Specifically, the updating of the parameters of the multi-scale extraction deep neural network by using the gradient descent method may be fixing the parameters of the speech separation network within a certain time, calculating the gradient of the loss function of the output layer by using the above formula, then taking the initial network level as the L-th layer, and sequentially calculating the gradient corresponding to each layer when the number of network layers is L-1, L-2, …, 2, wherein L is the number of layers of the neural network. And after all the gradients are obtained through calculation, updating the weight and the bias of the whole network according to the calculated gradients, thereby completing the optimization of the model and obtaining the pre-training voice separation model.

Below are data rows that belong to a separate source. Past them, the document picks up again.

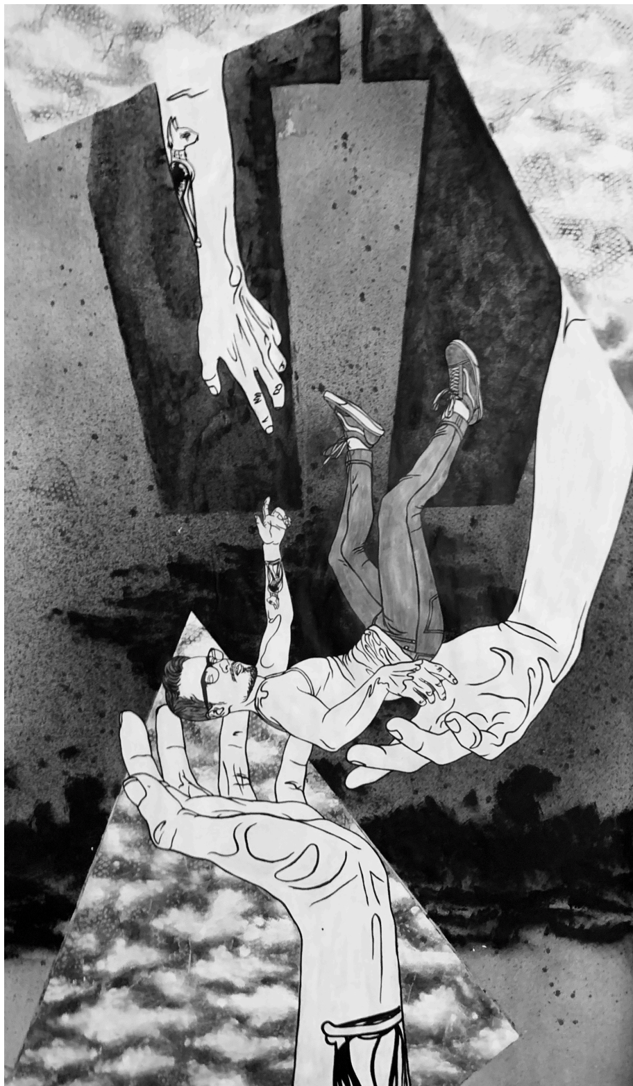
Iskušenje , platno X, akril na pak papiru, 115x210 cm, 2019.

Naravno da postoje teški periodi i trenutci slabosti u kojima te nešto sprečava u radu. Zato uvijek pokušavam zadržati moment kada radim. Taj moment održava na životu strast koja je u potpunosti predana ovome, koja zahtijeva njegu, ali koja ako i bude ponekad u blokadi, samo čeka trenutak za ponovni skok u pogon.
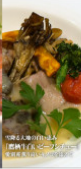
雪降る大衆の白い湯呑み 「恵納牛たんビーフシチュー」 発祥地恵納のふいもんセンター
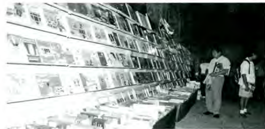
La feria anual del libro
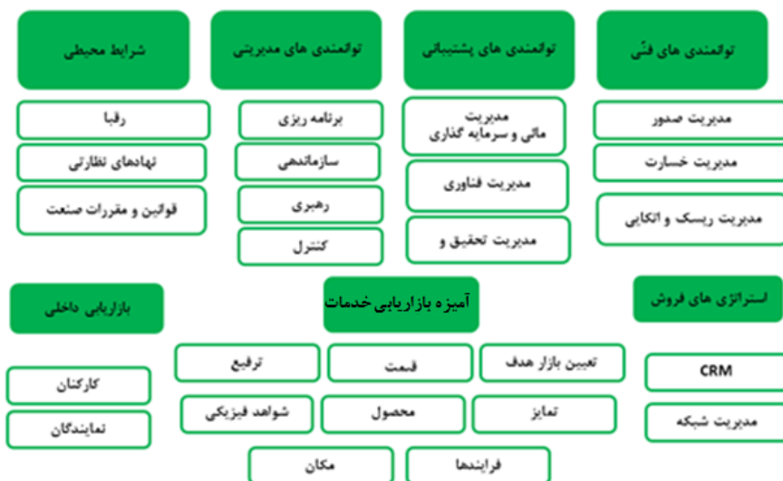
نمودار (۳). مدل برندسازی شرکتهای بیمه بازرگانی
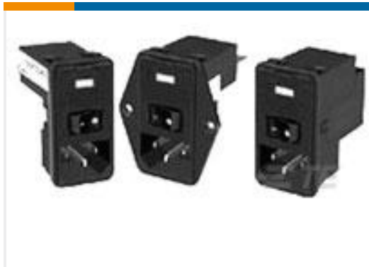
TE 产品编号1-6609106-4 PSOSSSH3A=C1072
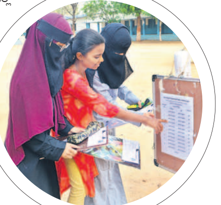
దేవునిపల్లిలో హాల్టికెట్ సెంటర్ మానుకుంటున్న విద్యార్థులు
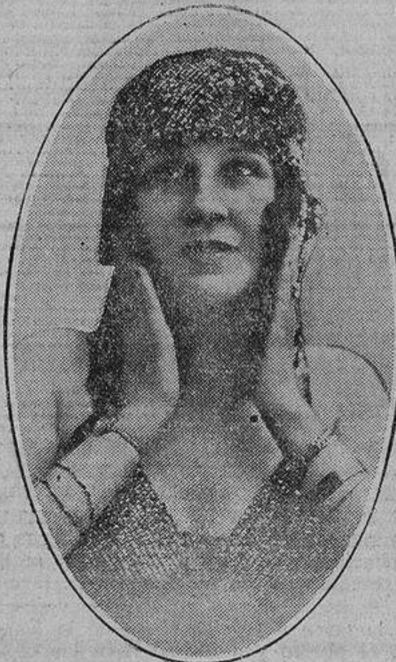
bella y notable bailarina, que debutará en breve en un teatro de Madrid.
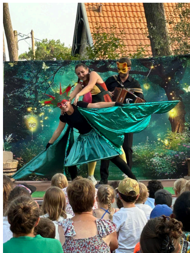
Représentation au festival le bruit des Dunes 2025

Cet univers coloré fait entrer le merveilleux au cœur du spectacle et permet à la légende de s'y déployer pleinement.
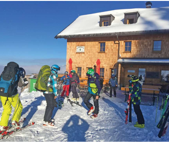
Ankunft an der Alpenrosenhütte
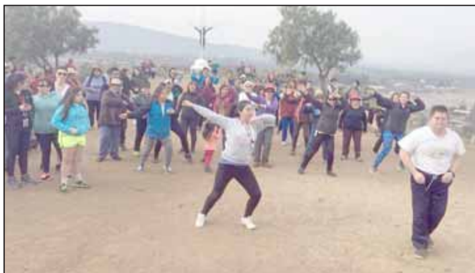
La actividad contempló un recorrido por el sector de El Asiento, terminando en el cerro La Cruz, donde los participantes también realizaron actividad física.

La caminata, que reunió a adultos mayores de los programas Vida Sana del
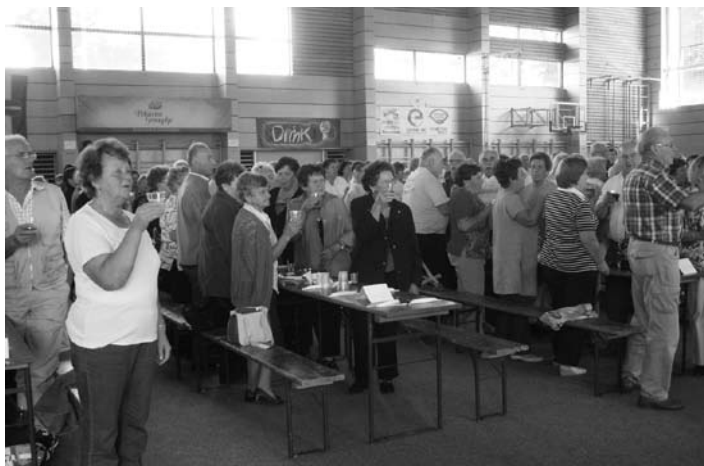
Za začetek »kolk'r kapljic, tolko let«, za konec pa »kje so tiste stezice, ki so včasih bile, ki peljejo do doma, kjer so mam'ca doma«

Naj še enkrat spomnim: NE BODI SAM, PRIDRUŽI SE NAM!! ♦
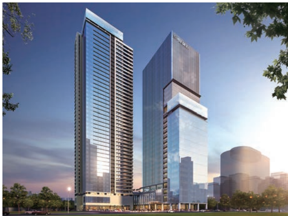
▲酒店建築由國際知名建築事務所HANDEL Architects與BLINK Design Group操刀設計，整體空間結合品牌與城市意象。

萬豪國際集團與馥華集團攜手打造的「台北板橋馥華艾美酒店」即將正式開幕。作為萬豪國際於台灣少見的直營據點，酒店不僅象徵國際品牌正式進駐新北核心區域，更被視為高端旅宿版圖向板橋延伸的重要里程碑。相較傳統商務型酒店，艾美品牌更強調藝術、人文與生活風格，為當代旅客提供兼具靈感與品味的住宿體驗。從區位條件來看，板橋具備3鐵共構的交通優勢，位於桃園國際機場與台北松山機場之間，並可串聯雙北城市軸線與週邊觀光資源。同時，板橋亦為串聯雙北外圍觀光的重要門戶，可快速連結三峽、鶯歌等文化聚落，延伸至茶文化與陶瓷工藝等深度旅遊體驗，進一步強化其作為雙北關鍵樞紐的發展潛力。

Accordingly, because the difference of the voice separation network is mainly embodied by the network parameters, the optimization process for the voice separation network can be mainly optimized for the network parameters. The specific optimization process may be adjusted based on the requirements of the actual application, and will not be described herein.

S150: extracting a target object voice signal from voice data to be processed by utilizing the voice extraction model; the voice data to be processed comprises a single-channel voice signal.

After the voice extraction model is obtained, the voice data to be processed is input into the network model after the quantization fine adjustment, and the separation result of the target voice can be obtained through the calculation of the model, so that the requirements of subsequent voice recognition and the like are met. In some embodiments, after the speech extraction model is obtained by training, the model may be tested and verified to ensure the training effect of the model. Specifically, based on the implementation in step S110, after the mixed voice sample data is obtained, test sample data and verification sample data may be obtained therefrom.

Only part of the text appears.